Almost all the migrant camps, set up in built spaces, were filled to the brim. This is one of the camps in Jammu city in the early 1990s.

Jhiri, on the outskirts of Jammu, is the largest government-sponsored migrant camp housing over 950 fami­lies, many of them Kashmiri Sikhs. Their desperation to voice their woes brings people rushing out of their tents, even though darkness has already enveloped the camp. A nauseating smell of gamaxine and night soil hangs heavy in the air – the evening meal is eaten under the dim glow of petromax lanterns.  Several tents have television sets while there are cylinders in others. The heat is unbearable during the day but the rains are not welcome. The tents leak and many of them are damp inside. There are the usual complaints that government rations are sub-standard and inadequate, that the fans don’t work and the administration is not being helpful enough. “This might be hell, but the new Governor is keen to banish us to a worse hell,” claims VK Razdan, an electrical engineer who fled the Valley. “How could the Muf­ti’s subordinate, Girish Saxena, order government employees to return when there are massacres daily?”
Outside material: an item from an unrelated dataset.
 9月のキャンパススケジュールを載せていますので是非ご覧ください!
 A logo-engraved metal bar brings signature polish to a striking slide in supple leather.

Whether Jagmohan actually insti­gated the Hindus to leave the Valley is debatable. But when they were in the Valley Jagmohan was their saviour. Now, he too has been removed. “While Jagmohan was Governor, there was some hope. We thought that we would be able to return to the Valley in a few months,” explains Sanjay Nath, a government employee who is infuriated because the new Governor had declared that those who did not return is June would lose their jobs. The “kala kanoon (black rule)” was hastily withdrawn following the protest march organized by the mig­rants. But Saxena’s image remains tar­nished forever. “He was so cold and matter-of-fact when he came here: Jagmohan wept when he saw our plight. Whatever hopes we had of the Valley becoming peaceful again have been dashed overnight with the change of Governor.”
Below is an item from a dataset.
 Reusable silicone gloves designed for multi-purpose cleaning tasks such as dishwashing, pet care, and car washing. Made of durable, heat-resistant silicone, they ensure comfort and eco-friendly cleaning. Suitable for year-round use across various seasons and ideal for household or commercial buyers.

“The Kashmiri pandits will have to pick up guns if he is not accorded his true rights,” threatens Motilal Mattoo, a young government engineer, whose family paid Rs 5,000 for a truck ride to Jammu. “We have known only the kalam (pen) and the kitab (book), never the gun, and we are paying very dearly for our love for India. Maybe, the government will heed our de­mands if we say we are for Pakistan. The houseboat owners and the rick­shaw-pullers are getting Rs 30,000 each as relief,” Mattoo adds.
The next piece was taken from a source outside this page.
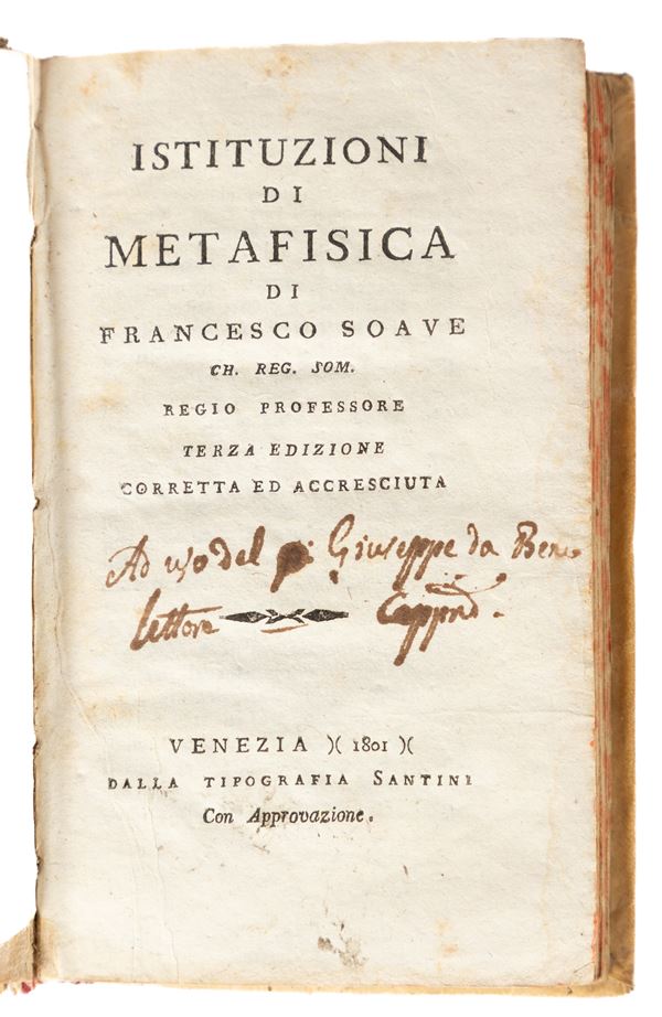 3)	Istituzioni di Metafisica di Francesco Soave - Venezia, 1801.

That last statement has as much truth in it as the allegation made by the Muslims in the Valley that Jagmo­han has given the migrant families land. “We never asked them to go away,” a JKLF leader insisted to this correspondent. “We are not against Kashmiri pandits; we are against those who stand in the way of our road to azaadi.”

Scene from a migrant camp during the initial phase of migration of Kashmiri Pandits in the 1990s. Photograph: Nitin Rai/Sunday Magazine

There is little doubt that panic gripped the Hindus of the Valley before they decided to flee to the hot dusty plains below, and beyond, to Kathua, Udhampur, Delhi, and even as far as Madras. Several Kashmiri pandits, especially those who held government posts, were served threatening notices. Many of them were even identified by the militants as their targets. But even then, most Hindus wouldn’t have quit the Valley only if there was some kind of an assurance from the administration.

But former Governor did nothing of the kind – he, in fact, instigated them to flee their homes. One reason for this, points out a senior journalist in Jammu, may have been that Jagmo­han was afraid that the Hindus would give the militants shelter out of fear or sympathy. There were some instances of Hindu families providing cover to militants in Chhanpora, the hotbed of terrorist activity. But more crucial, ex­plains the journalist, was the fact that Jagmohan sided with the Hindus and was reluctant to subject them to the harsh measures that he advocated for those left in the Valley. It suited him that they ran away.”

The future of the migrants is indeed grim. Few of them have the courage to return to their homes, for fear of being killed. And today, there is a distinct possibility that they would be. The militants are furious that the Kashmiri pandits have won the sympathy of the nation by spreading false stories about them. Life is definitely going to be difficult for the Kashmiri Pandits.